The Virginia General Assembly approved during the 2000 session the creation of the Commonwealth Technology Research Fund, a $13 million start-up fund to encourage federal and private investment in basic and applied research at Virginia public universities.

The Commonwealth will begin funding awards as early as July 1, and applicants can now begin submitting proposals. Grant-winning universities must match the awards, making the total value of the fund $26 million. Grants may range from $500,000 to $1.5 million.

"With the creation of this fund, the legislature has made a precedent-setting decision to directly support state university research," says Anita K. Jones, University Professor of Engineering and Computer Science and chair of the Virginia 2020 Science and Technology Planning Commission. Jones also co-chairs the governor's Virginia Research and Technology Advisory Commission.

She recently spoke about the fund on behalf of VRTAC during a meeting convened at U.Va. by the state Department of Planning and Budget.

"With the help of VRTAC, the fund has been crafted to be strategic in nature," Jones says. "It was created to help build long-term research infrastructure in Virginia's universities, to support basic and applied research, and to connect research with economic development. This is a real opportunity for our researchers, for our universities, and ultimately, for the economic strength of our state."

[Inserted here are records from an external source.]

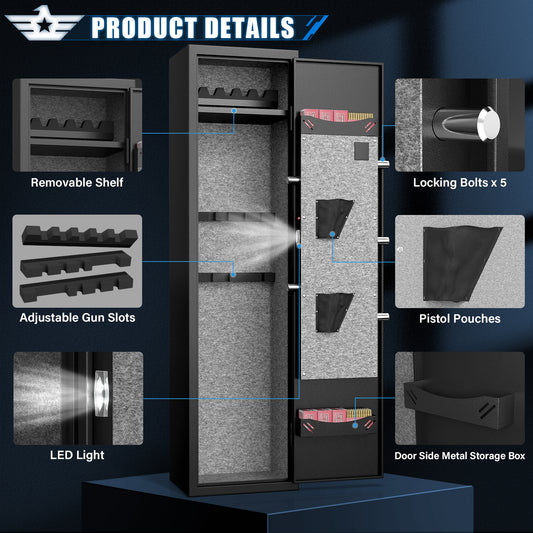 BM-G5-145W-5-6 Gun Safe, Qucik Access Gun cabinet with Removable Shelf and 3 Gun Racks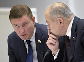 Пленарное заседание Совета Федерации (СФ) России. Заместители председателя СФ России Андрей Турчак (слева) и Ильяс Умаханов (справа) во время заседания.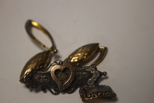 A SMALL BOX OF WHITE AND YELLOW METAL JEWELLERY TO INCLUDE A SILVER BROOCH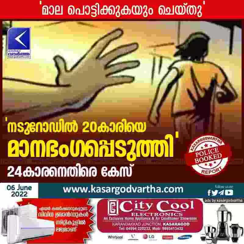 പള്ളിക്കര: (www.kasargodvartha.com) നടുറോഡില് 20 കാരിയെ മാനഭംഗപ്പെടുത്തി പാന്റിന്റെ പോകറ്റില് നിന്നും മൊബൈല് ഫോണ് എടുക്കുകയും മാല പൊട്ടിക്കുകയും ചെയ്തെന്ന പരാതിയില് 24 കാരനെതിരെ ബേക്കല് പൊലീസ് കേസെടുത്തു.

VRTAC identified several broad areas it considers of critical importance to economic growth in the Commonwealth: information technology and communications, biotechnology, bioinformatics, advanced materials and nanotechnology, and technology contributing to advanced manufacturing and biomanufacturing.

The Commonwealth Technology Research Fund has three components, with each tied to the above areas: a matching funds program to leverage federal and private research dollars; a strategic academic enhancement program, to upgrade research capacity in academic departments in innovative technology fields with strong potential for contributing to economic development in Virginia; and an industry inducement program, to upgrade research capacity in key university departments in order to attract specific companies to locate or expand in Virginia. Awards from the fund will be based on the scientific merit and economic development potential of research programs in the fields of aerospace, biotechnology, energy, environmental and information technologies, high performance manufacturing, telecommunications and transportation.

Awards may also be made in other research fields if a strong case is made for the long-term economic development potential of the award.

A merit-based selection process will include input from VRTAC. In planning and administering the fund, the Department of Planning and Budget is working closely with Virginia's Center for Innovative Technology, the State Council of Higher Education for Virginia, the Virginia Economic Development Partnership, as well as VRTAC.